*Dataset entries*.
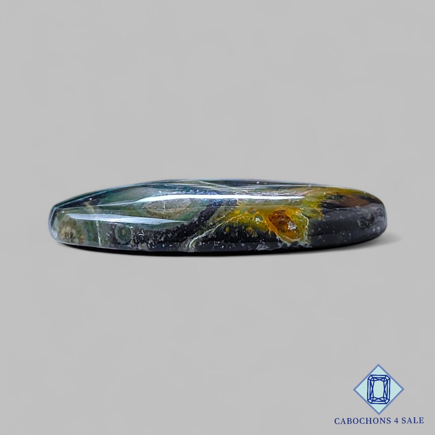 Deslice las imágenes para ver la piedra con la tabla de dimensiones. Esta es una gema de jaspe Kambaba. El producto es natural, ovalado y opaco. El jaspe Kambaba es de color negro y mide 34 x 23 x 5 mm. La claridad de esta pieza es opaca. El producto está disponible exactamente como se muestra en la imagen: 1 pieza de cabujones ovalados de jaspe Kambaba certificados por el precio indicado anteriormente.
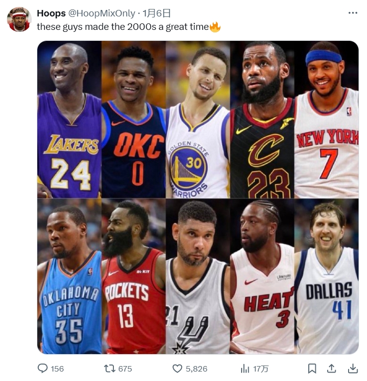 發(fā)布時(shí)間:2025年01月07日 22:50點(diǎn)擊:欄目:籃球新聞 除特別注明外,本站所有內(nèi)容均為九球直播整理排版,轉(zhuǎn)載請(qǐng)注明出處:認(rèn)可嗎?美媒:這些球星讓21世紀(jì)成為了一個(gè)偉大的年代! 本文標(biāo)簽: 籃球 nba 湖人 勇士 太陽 火箭 詹姆斯 杜蘭特 庫里 快船 哈登 掘金 威少 雷霆 尼克斯 安東尼 科比 鄧肯 韋德 熱火 諾維茨基 獨(dú)行俠 小牛
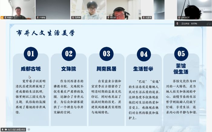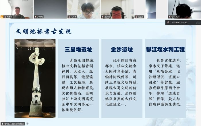 镇江江苏科技大学1月22日电 为了让更多青年学子领略巴蜀文化的深厚底蕴与独特魅力,凝聚文化传承力量,近日,巴蜀烟火实践团以线上腾讯会议为载体,成功举办了主题为“巴蜀烟火,岁月沉香”的宣讲活动。来自各地的文化爱好者齐聚云端,在实践团成员朱文琦的带领下,共同开启了一场沉浸式的巴蜀文化探索之旅。
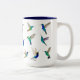 Colorful mug for hummingbird lovers featuring several species of tropical hummingbirds, such as a Black-throated Mango Hummingbird, Fiery-throated Hummingbird, Blue-chinned Sapphire, Golden-tailed Sapphire, Coronet and Swallow-tailed Hummingbirds. Images taken from original watercolor paintings by Christiane Dobbins.
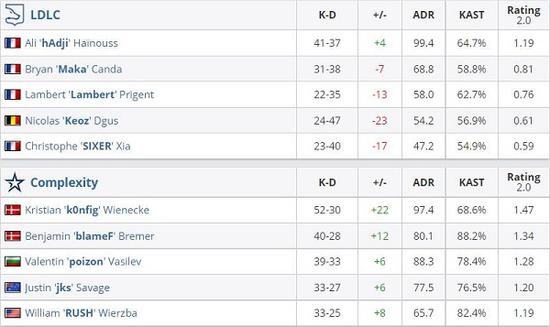 双方在首张地图Dust2上开战,Col作为防守方率先进入状态并取得8-1的优势开局,随后LDLC中期发力打出一波6连胜小高潮,不过上半场Col仍然以一分的微弱优势领先。来到防守方后hAdji手感渐入佳境取得137.6的ADR,但这终究不是一个人的游戏,Col在k0nfig与RUSH二人的联手发挥下以16-13赢下图一。
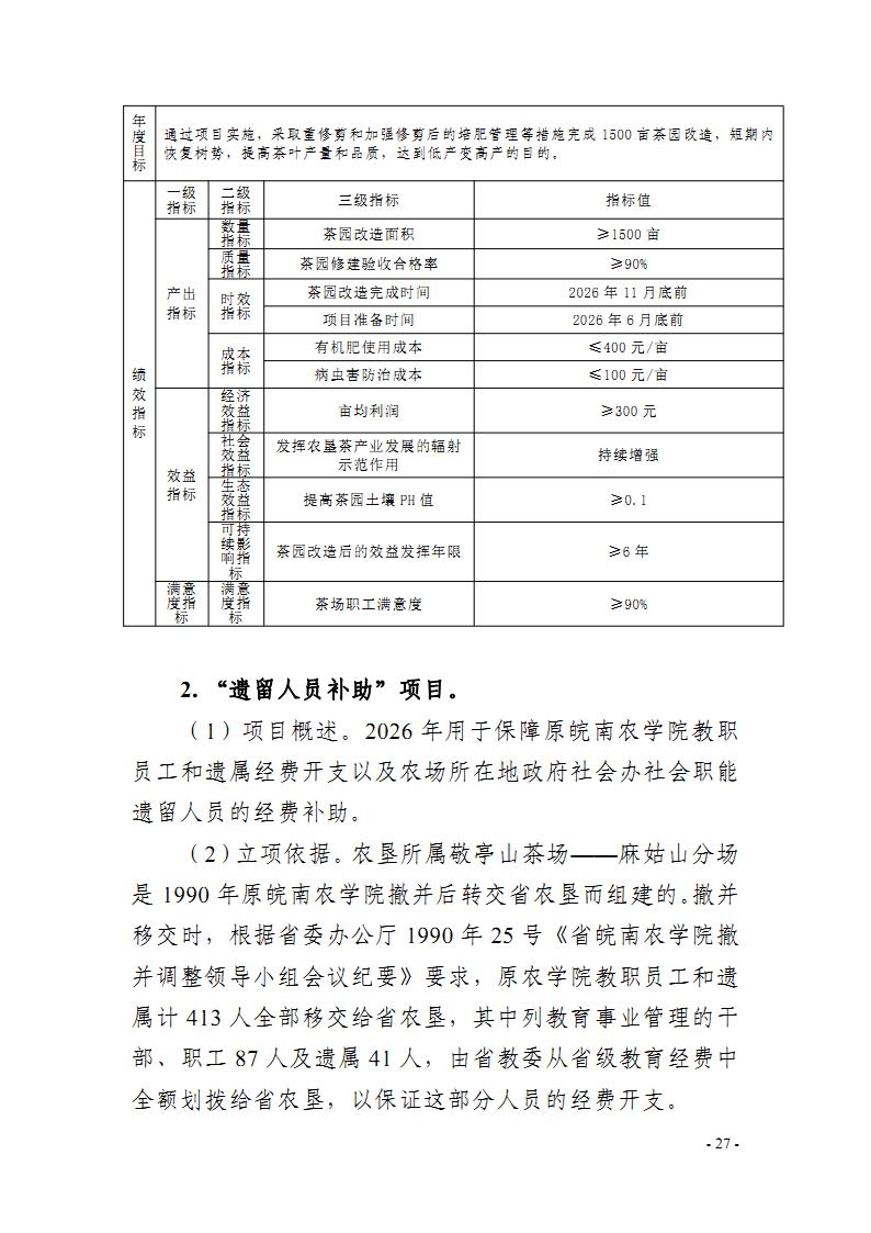 安徽农垦集团:安徽省农垦事业管理局2026年部门预算批复的其他项目绩效目标

*Problem details*.
Copy every record exactly as written, leaving out the pictures.

*Written answer*.
 Deslice las imágenes para ver la piedra con la tabla de dimensiones. Esta es una gema de jaspe Kambaba. El producto es natural, ovalado y opaco. El jaspe Kambaba es de color negro y mide 34 x 23 x 5 mm. La claridad de esta pieza es opaca. El producto está disponible exactamente como se muestra en la imagen: 1 pieza de cabujones ovalados de jaspe Kambaba certificados por el precio indicado anteriormente.
 發(fā)布時(shí)間:2025年01月07日 22:50點(diǎn)擊:欄目:籃球新聞 除特別注明外,本站所有內(nèi)容均為九球直播整理排版,轉(zhuǎn)載請(qǐng)注明出處:認(rèn)可嗎?美媒:這些球星讓21世紀(jì)成為了一個(gè)偉大的年代! 本文標(biāo)簽: 籃球 nba 湖人 勇士 太陽 火箭 詹姆斯 杜蘭特 庫里 快船 哈登 掘金 威少 雷霆 尼克斯 安東尼 科比 鄧肯 韋德 熱火 諾維茨基 獨(dú)行俠 小牛
 镇江江苏科技大学1月22日电 为了让更多青年学子领略巴蜀文化的深厚底蕴与独特魅力,凝聚文化传承力量,近日,巴蜀烟火实践团以线上腾讯会议为载体,成功举办了主题为“巴蜀烟火,岁月沉香”的宣讲活动。来自各地的文化爱好者齐聚云端,在实践团成员朱文琦的带领下,共同开启了一场沉浸式的巴蜀文化探索之旅。
 Colorful mug for hummingbird lovers featuring several species of tropical hummingbirds, such as a Black-throated Mango Hummingbird, Fiery-throated Hummingbird, Blue-chinned Sapphire, Golden-tailed Sapphire, Coronet and Swallow-tailed Hummingbirds. Images taken from original watercolor paintings by Christiane Dobbins.
 双方在首张地图Dust2上开战,Col作为防守方率先进入状态并取得8-1的优势开局,随后LDLC中期发力打出一波6连胜小高潮,不过上半场Col仍然以一分的微弱优势领先。来到防守方后hAdji手感渐入佳境取得137.6的ADR,但这终究不是一个人的游戏,Col在k0nfig与RUSH二人的联手发挥下以16-13赢下图一。
 安徽农垦集团:安徽省农垦事业管理局2026年部门预算批复的其他项目绩效目标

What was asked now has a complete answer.